§ **EXERCISE DIRECTIONS**
Copy out, exactly as given, every line from the line with "其中,设计简约大方的校徽,是" to the end of the listing, both of those lines included.

§ **DATA EXCERPTS**
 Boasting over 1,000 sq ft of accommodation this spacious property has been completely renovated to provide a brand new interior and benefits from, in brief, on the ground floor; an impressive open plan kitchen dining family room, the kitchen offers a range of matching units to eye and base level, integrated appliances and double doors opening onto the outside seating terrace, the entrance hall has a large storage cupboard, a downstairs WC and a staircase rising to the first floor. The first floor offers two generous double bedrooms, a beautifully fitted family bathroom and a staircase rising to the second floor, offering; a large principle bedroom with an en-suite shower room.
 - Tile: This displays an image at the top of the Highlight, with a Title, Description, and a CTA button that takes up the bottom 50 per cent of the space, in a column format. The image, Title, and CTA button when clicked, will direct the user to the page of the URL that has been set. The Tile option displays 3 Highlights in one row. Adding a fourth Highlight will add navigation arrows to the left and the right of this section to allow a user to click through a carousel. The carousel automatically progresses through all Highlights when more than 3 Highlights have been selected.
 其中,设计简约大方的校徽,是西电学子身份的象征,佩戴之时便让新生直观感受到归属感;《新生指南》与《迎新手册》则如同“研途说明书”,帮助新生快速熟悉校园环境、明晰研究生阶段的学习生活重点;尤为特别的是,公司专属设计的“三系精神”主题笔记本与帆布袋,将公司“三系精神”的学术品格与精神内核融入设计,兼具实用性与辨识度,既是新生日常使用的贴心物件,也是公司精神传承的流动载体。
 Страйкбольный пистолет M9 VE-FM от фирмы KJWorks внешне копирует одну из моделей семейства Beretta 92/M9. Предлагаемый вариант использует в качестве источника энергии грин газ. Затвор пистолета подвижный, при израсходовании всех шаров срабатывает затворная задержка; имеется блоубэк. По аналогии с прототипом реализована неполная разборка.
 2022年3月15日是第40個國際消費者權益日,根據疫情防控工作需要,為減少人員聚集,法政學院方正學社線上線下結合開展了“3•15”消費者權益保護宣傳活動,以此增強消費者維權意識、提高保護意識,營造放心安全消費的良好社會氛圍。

§ **SOLUTION FOR THIS TASK**
 其中,设计简约大方的校徽,是西电学子身份的象征,佩戴之时便让新生直观感受到归属感;《新生指南》与《迎新手册》则如同“研途说明书”,帮助新生快速熟悉校园环境、明晰研究生阶段的学习生活重点;尤为特别的是,公司专属设计的“三系精神”主题笔记本与帆布袋,将公司“三系精神”的学术品格与精神内核融入设计,兼具实用性与辨识度,既是新生日常使用的贴心物件,也是公司精神传承的流动载体。
 Страйкбольный пистолет M9 VE-FM от фирмы KJWorks внешне копирует одну из моделей семейства Beretta 92/M9. Предлагаемый вариант использует в качестве источника энергии грин газ. Затвор пистолета подвижный, при израсходовании всех шаров срабатывает затворная задержка; имеется блоубэк. По аналогии с прототипом реализована неполная разборка.
 2022年3月15日是第40個國際消費者權益日,根據疫情防控工作需要,為減少人員聚集,法政學院方正學社線上線下結合開展了“3•15”消費者權益保護宣傳活動,以此增強消費者維權意識、提高保護意識,營造放心安全消費的良好社會氛圍。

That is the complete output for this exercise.